It has been a dark season in the news. Very dark.

If you haven’t been paying attention, perhaps you missed it. But I doubt it.

In the last few weeks, several videos have emerged from the self-described Center for Medical Progress in which notable Planned Parenthood representatives have been clandestinely filmed discussing the process of obtaining intact fetal organs, pricing them and selling them. Video after video show frank, polished professionals discussing what is assuredly a very dark, very sad business.

And as I saw these videos, a question kept posing itself in my mind.

How does society feel about pregnancy?

Think about it.

This is not some academic exercise or trick question. It is not an effort at clever philosophy or metaphysical sophistry. It is a simple question whose answer should immediately populate your mind.

How does society feel about pregnancy? 

Here is what came to my mind.

When a person announces their pregnancy, there are hearty congratulations. In short order, questions are asked about due dates and how the mother is feeling. Like clockwork, there emerge public commiserations about morning sickness, backaches and food cravings. And then there are private commiserations which, I am told, are better left private. An announcement has been made. Now the eager wait begins.

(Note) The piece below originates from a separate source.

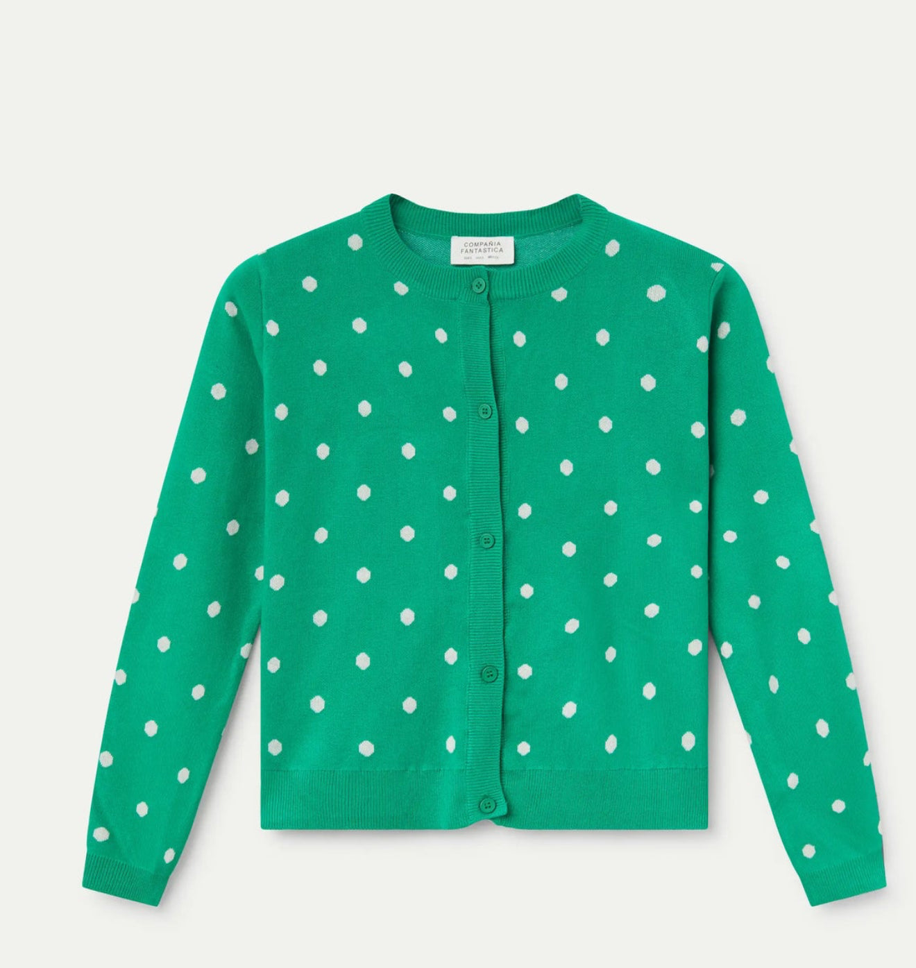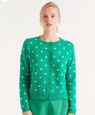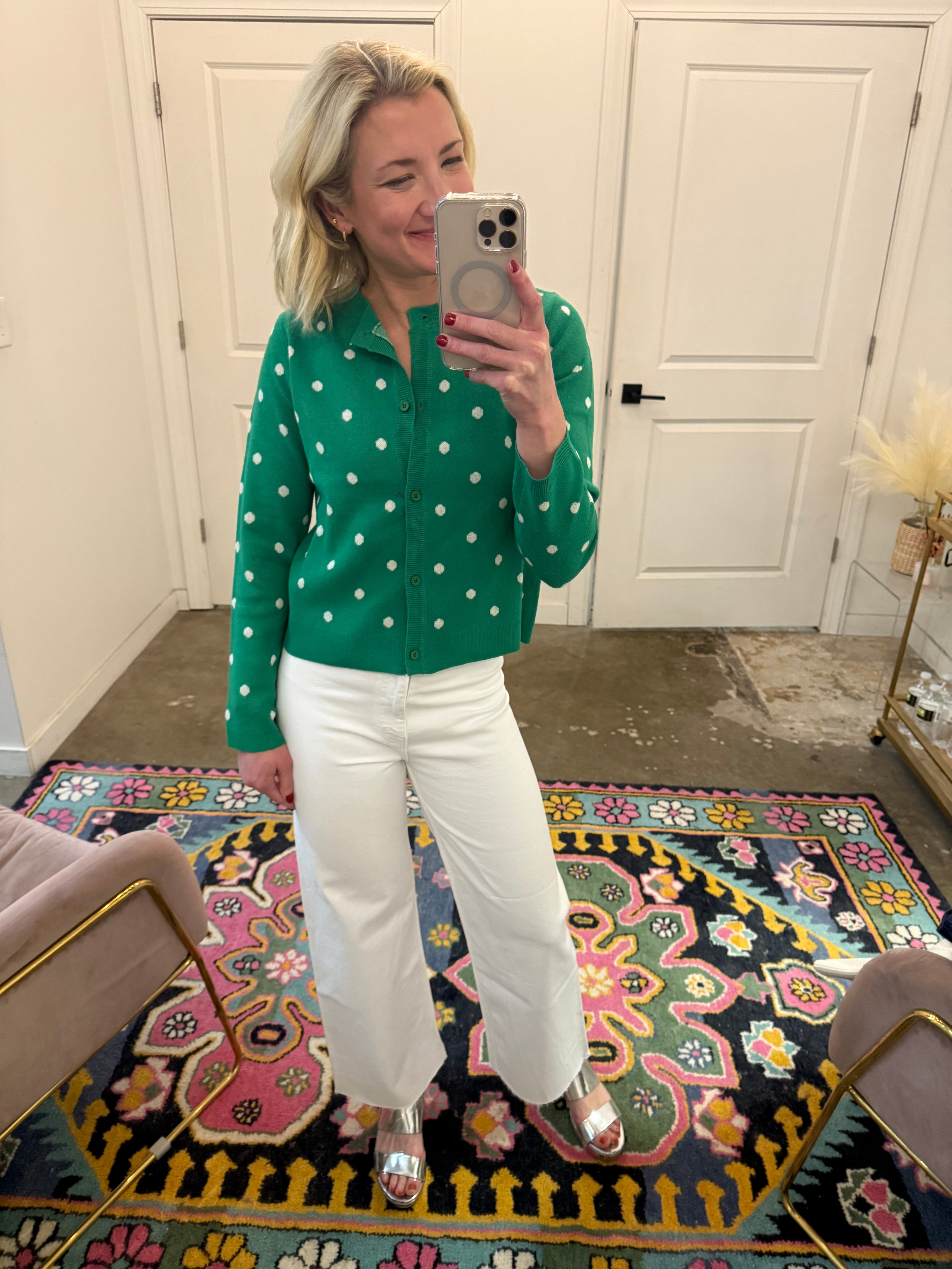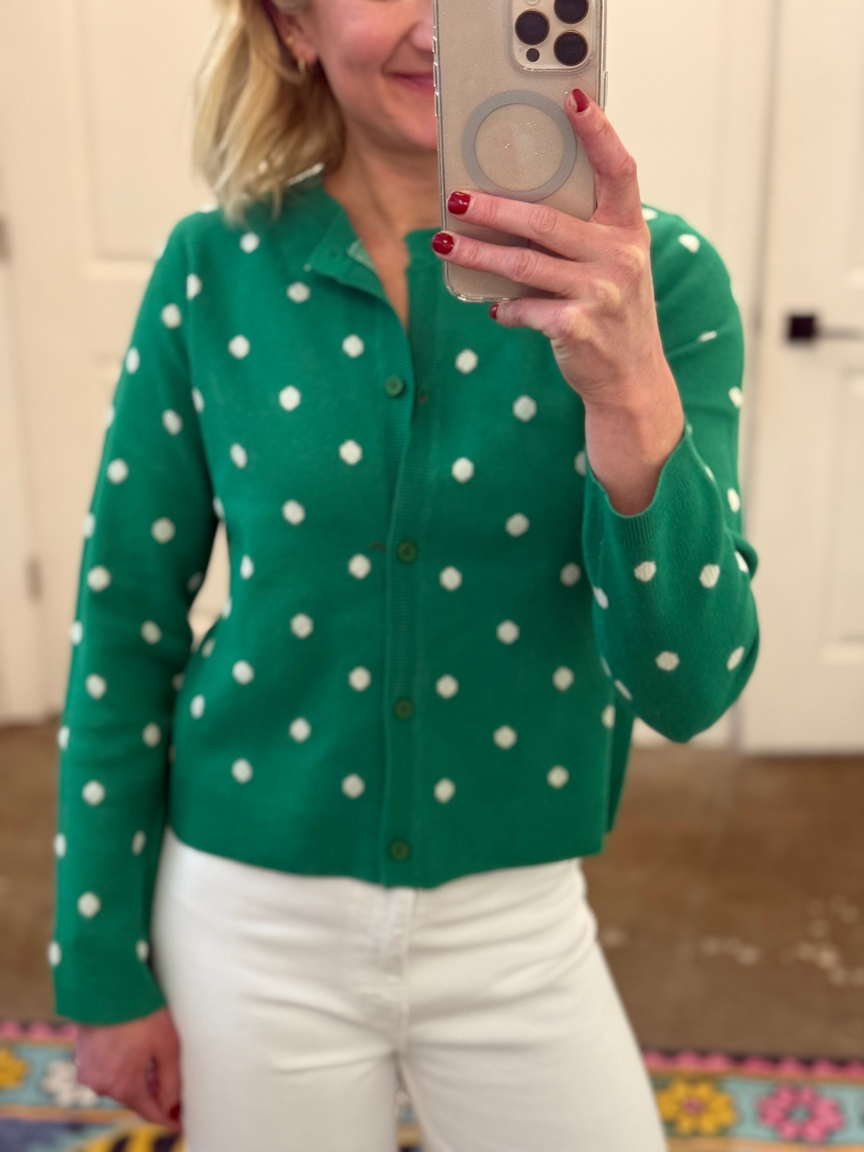 This cute button up cardigan features a fun green and white polka dot print! Pair with your favorite denim this Spring! Runs true to size. Sarah shown in a size small.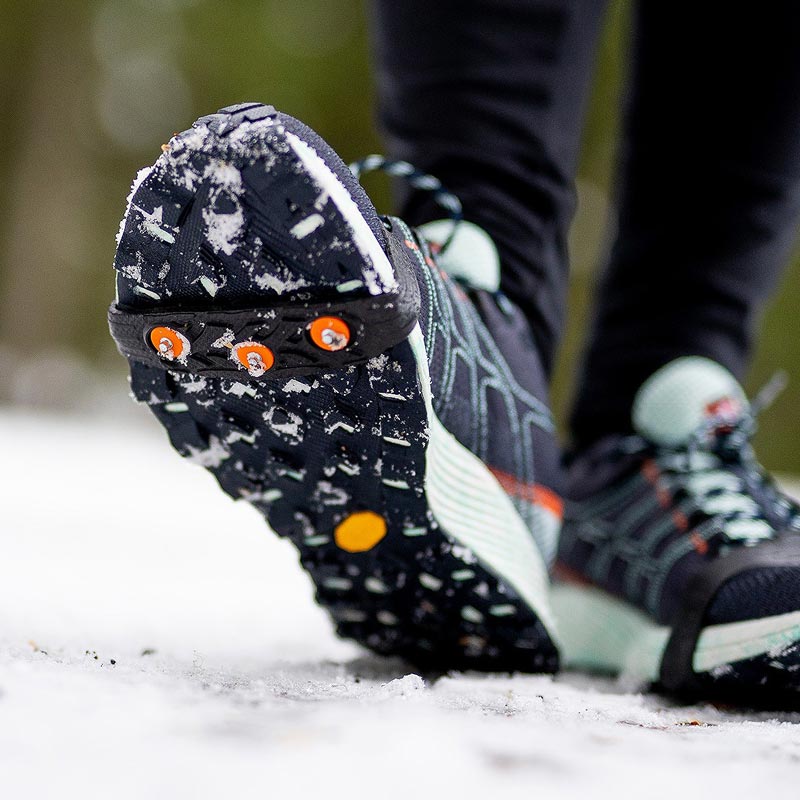 Snöbroddarna kräver lite fingerfärdighet att få på första gången, men det flexibla gummimaterialet gör att de sitter tätt och stabilt runt skon när de väl är monterade.

Shortly thereafter, the planning begins in earnest. Planning for the baby. Studies, sewing rooms or spare bedrooms are lost forever to the preeminent nursery. The bickering over whether to get a sneak ultrasound peak at whether it’s a boy or girl gives way to bickering over whether the nursery will be pink, blue, or…green. Cribs are purchased, rocking chairs are tested, and invariably it is asked, “do we throw the diapers in the trash or in this diaper genie thing?”. Diapers and onesies and impossibly small socks. Suction bulbs, thermometers and vats of Desitin…sweet, sweet Desitin.

Names are bandied about. Family names, new names, traditional names, invented names, middle names, nicknames, names with profound meaning, names that remind of former boyfriends or girlfriends and are thus vetoed and cast into the Abyss of Names We Will Never Use. Habits are tightened up. No drinking, get good sleep, let’s go for a walk after dinner, watch your step and hold my hand, and here, here, let me get that.

Baby showers are attended where gifts rain down including beautiful picture frames and poems for the wall as well as little rubber seats that can freakishly make a baby look like they are sitting up on their own. Name games, stories told, anecdotes that make you laugh and anecdotes you can’t (alas) get out of your mind.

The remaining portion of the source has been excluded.